There are different rules
regarding the sale of a home versus gifting a home, so let's look at each of these. The same rules apply whether he will be selling or gifting the home to you or to anyone else that is not related.
If your father were to sell his home, he would be subject to long term capital gains tax on any gain he had from the sale. However, if this was his primary residence, then there is an exclusion he may claim. In order for this to be considered his primary residence, he must have owned the home for at least 2 years and he must have lived in the home for at least 2 of the last 5 years.
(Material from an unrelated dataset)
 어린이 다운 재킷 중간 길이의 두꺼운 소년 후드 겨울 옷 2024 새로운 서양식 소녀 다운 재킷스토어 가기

If he satisifes those rules, then when he sells the home he may exclude $250,000 (or $500,000 if he is married filing a joint return) from any gain he has before any excess gain is subject to tax.
His gain is figured by taking the sale price less his basis. His basis in the home is whatever he originally paid for the home plus the cost of any improvements he made while he owned it. So as an example, let's say your father originally paid $50,000 for this home and then made another $10,000 in improvements. That gives him a basis of $60,000. If he now sells the home for $200,000 he has a gain of $140,000. However, if this is his primary residence then he can exclude $250,000 from the gain, which would then leave him with no taxable gain at all.
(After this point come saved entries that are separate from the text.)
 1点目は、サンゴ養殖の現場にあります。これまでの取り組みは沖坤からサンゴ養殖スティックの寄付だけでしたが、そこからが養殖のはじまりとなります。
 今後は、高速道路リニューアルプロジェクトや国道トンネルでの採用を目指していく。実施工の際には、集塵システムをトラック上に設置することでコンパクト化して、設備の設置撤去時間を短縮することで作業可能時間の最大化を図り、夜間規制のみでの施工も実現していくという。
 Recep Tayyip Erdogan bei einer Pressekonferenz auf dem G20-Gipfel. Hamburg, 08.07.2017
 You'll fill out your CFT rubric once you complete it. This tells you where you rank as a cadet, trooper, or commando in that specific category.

Using the same example as above, let's say he sells the home for $360,000 and his basis is still $60,000. He now has a gain of $300,000. He would claim his allowed exclusion of $250,000 and only be liable for tax on the remaining $50,000 profit. This would be taxed at the long term capital gains tax rate which is currently capped at 15%.
If instead of selling the home he gives this to you as a gift, then there is likely no tax due, but it would need to be reported. Under current law
, each taxpayer is allowed to give gifts in their lifetime of up to $1 million in value before any gift tax
is due. However, if someone gives a gift that is worth more than $13,000 in any one year, then the gift must be reported on Form 709. No tax would be due unless the taxpayer had already used up his $1 million lifetime exemption, but the form would need to be filed.
The only drawback to him gifting you this home is that when you receive property as a gift, you would retain the same basis as your father's basis. So again, using the example above, if your father's basis was $60,000, that same basis passes on to you when you receive the home as a gift. So when you eventually sell the home that would be the basis you need to use in determining if you had any taxable gain from the sale.
If instead of gifting you this home, your father would instead leave it to you in his will, then when you receive property through an inheritance, you automatically receive a stepped up basis. What that means is that your new basis would be the fair market value of the home on the day you inherit it. By having this increased basis, when you eventually sell the property you will have a much smaller gain to worry about paying any tax on.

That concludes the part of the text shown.